Is It Really a Coal Auction When Only One Company Bids?

Doc Searls/CC BY-SA 2.0

Take this alongside Interior Secretary Salazar's chummy talk about oil leasing in the Gulf of Mexico from yesterday: Climate Progress outlines how the majority of coal lease auctions really aren't auctions at all, in that only one bidder is involved, allowing them to bid the minimum that the Bureau of Land Management allows.

Keep in mind that the coal being auctioned off is on public land, that is, supposedly owned by the taxpayers in the United States.

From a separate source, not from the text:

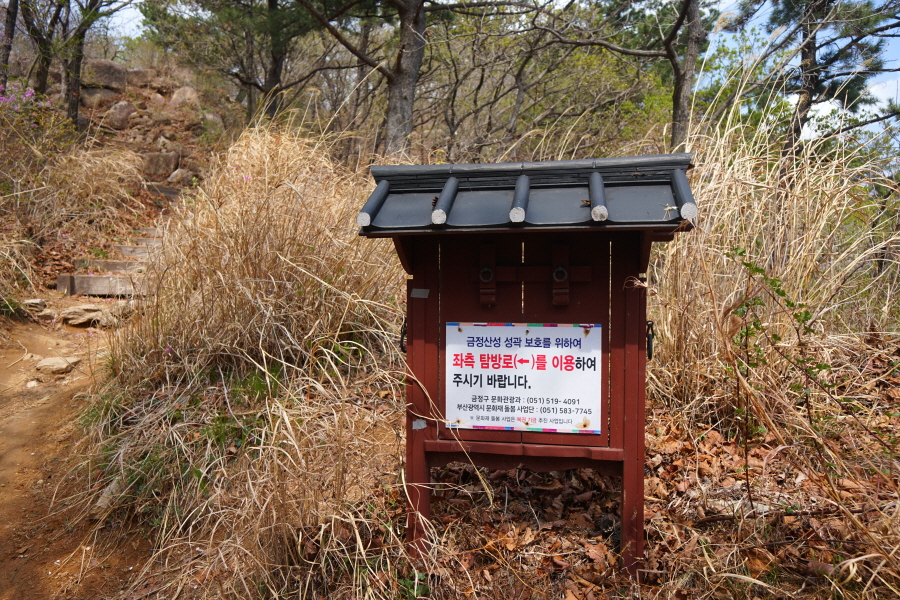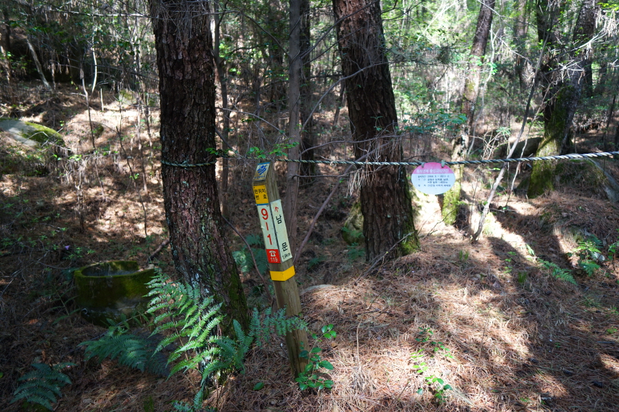 절 뒤편 개울을 건너 남문 1.9 ㎞ 현위치 번호 9-1번 표지목을 만났다면 산길은 제대로 찾은 샘입니다. 여기를 지나 약 3분이면 금정산 숲속 둘레길 사거리에 올라섭니다.
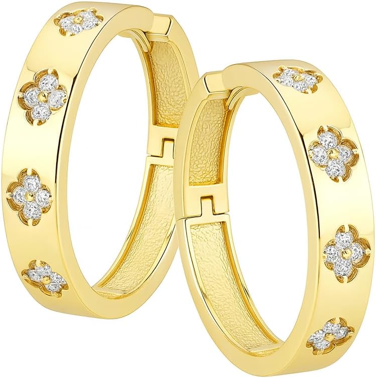 CZ Hoop with Floral Detail – Sparkling cubic zirconia arranged in delicate flowers for a chic touch.

The following quote refers to the planned BLM auction of 721 million tons of coal in the Powder River Basin of Wyoming—an amount that will produce roughly a gigaton of CO emissions when burned:

Over the last 20 years, only 3 of 21 lease by applications had more than one bidder. Since Peabody knows it will face no competitive pressure, it can simply offer the lowest possible price, secure in the knowledge that if it doesn’t meet BLM’s absurdly low minimum price, it can just try again later. In fact, that’s just what happened with the South Porcupine tract; Peabody’s initial offer of just $0.90 per ton was rejected as too low by the BLM – so they simply held another auction a few weeks later and accepted Peabody’s offer of $1.11 per ton. In both “auctions” Peabody was the only bidder.